21/09/2015

Combinatorial Security Testing: Combinatorial Testing Meets Information Security:  Speaker: Dimitris Simos

Abstract: Over the recent years, a number of combinatorial strategies have been devised to help testers choose subsets of input combinations that would maximize the probability of detecting faults, with combinatorial testing being the most prominent one. Combinatorial testing has been successfully applied for testing (critical) software systems in large organizations and is an already proven method for security testing of large-scale software systems. In this talk we review recent advances on web application security testing and testing of operating systems and explore the applicability of combinatorial testing to new promising application domains of information security.

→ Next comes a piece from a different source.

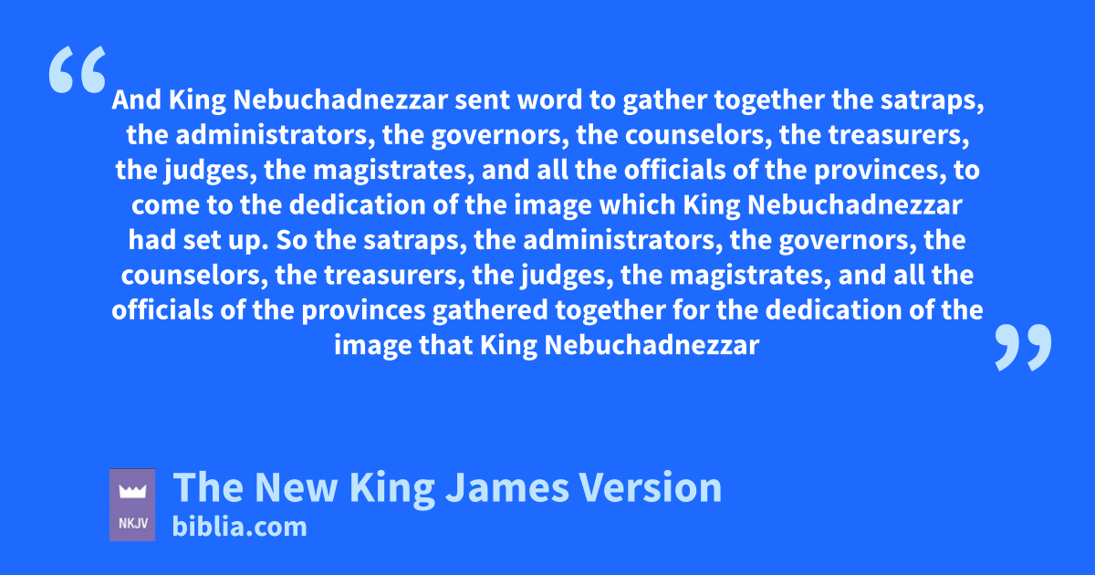 3 Nebuchadnezzar the king made an image of gold, whose height was 1sixty cubits and its width six cubits. He set it up in the plain of Dura, in the province of Babylon. 2 And King Nebuchadnezzar sent word to gather together the satraps, the administrators, the governors, the counselors, the treasurers, the judges, the magistrates, and all the officials of the provinces, to come to the dedication of the image which King Nebuchadnezzar had set up. 3 So the satraps, the administrators, the governors, the counselors, the treasurers, the judges, the magistrates, and all the officials of the provinces gathered together for the dedication of the image that King Nebuchadnezzar had set up; and they stood before the image that Nebuchadnezzar had set up. 4 Then a herald cried 2aloud: “To you it is commanded, aO peoples, nations, and languages, 5 that at the time you hear the sound of the horn, flute, harp, lyre, and psaltery, in symphony with all kinds of music, you shall fall down and worship the gold image that King Nebuchadnezzar has set up; 6 and whoever does not fall down and worship shall bbe cast immediately into the midst of a burning fiery furnace.”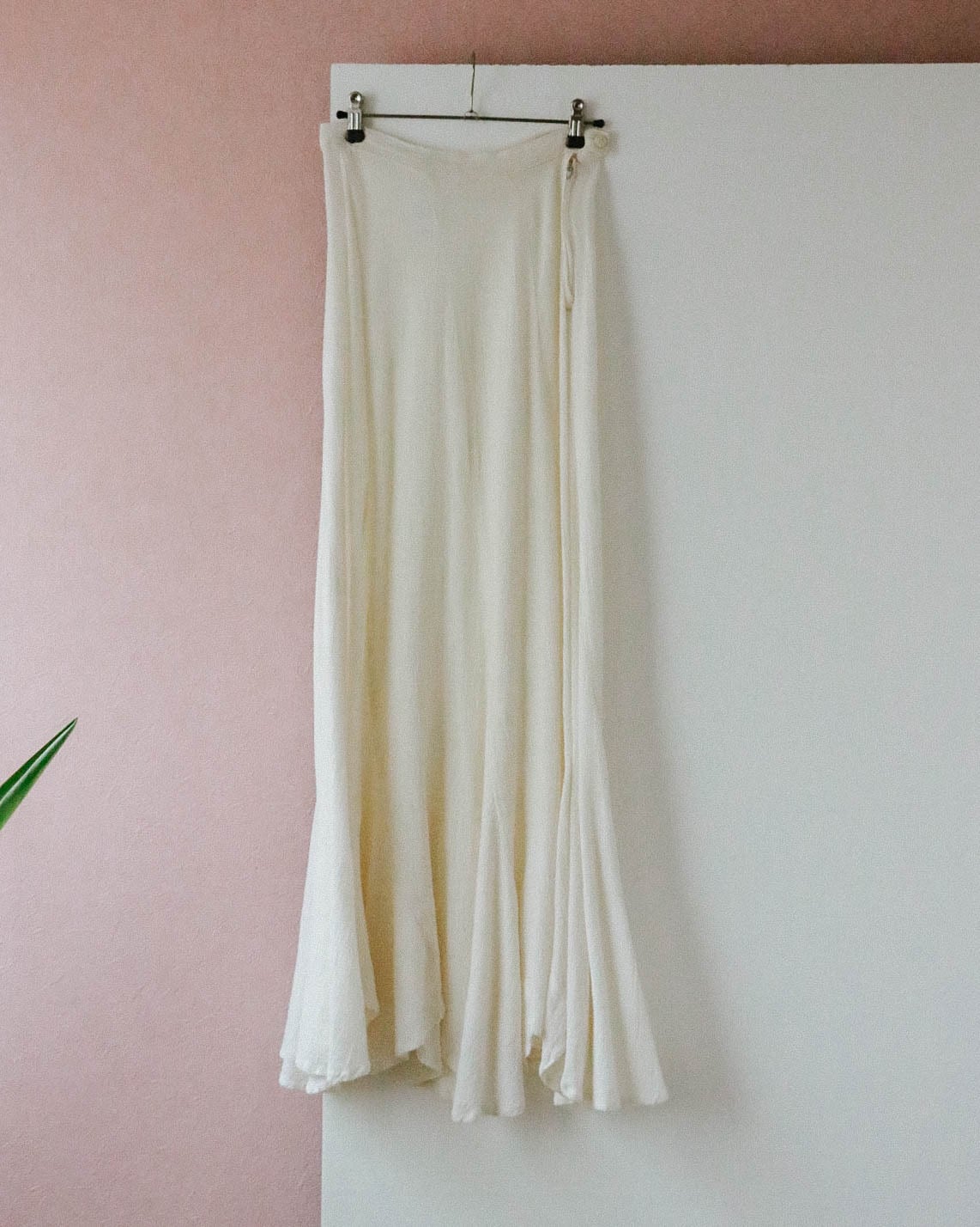 きゅっとしまるウエストから優美に広がるフレアシルエットが美しく、贅沢な生地づかいがまさにヴィンテージならではの一枚。

In particular, as part of the newly spawned combinatorial security testing project between SBA Research and NIST ACTS project team, we address how combinatorial testing can be applied to (1) ensure proper error-handling of security protocols and (2) provide the theoretical guarantees for triggering FPGA Cryptographic Trojans. Besides providing the details of the combinatorial models, we also hinder on the technical challenges that need to be solved in the foundations of combinatorial testing. The talk is concluded with some open research problems and directions for future Research.

 

 

Dimitris Simos is invited to National Institute of Standards and Technology (NIST), Gaithersburg, MD, USA during 21-22 September, 2015. The purpose of the visit is two-fold. He will present recent advances on  combinatorial security testing to the applied and computational mathematics division seminar series and discuss common research interests with the ACTS/NIST project team.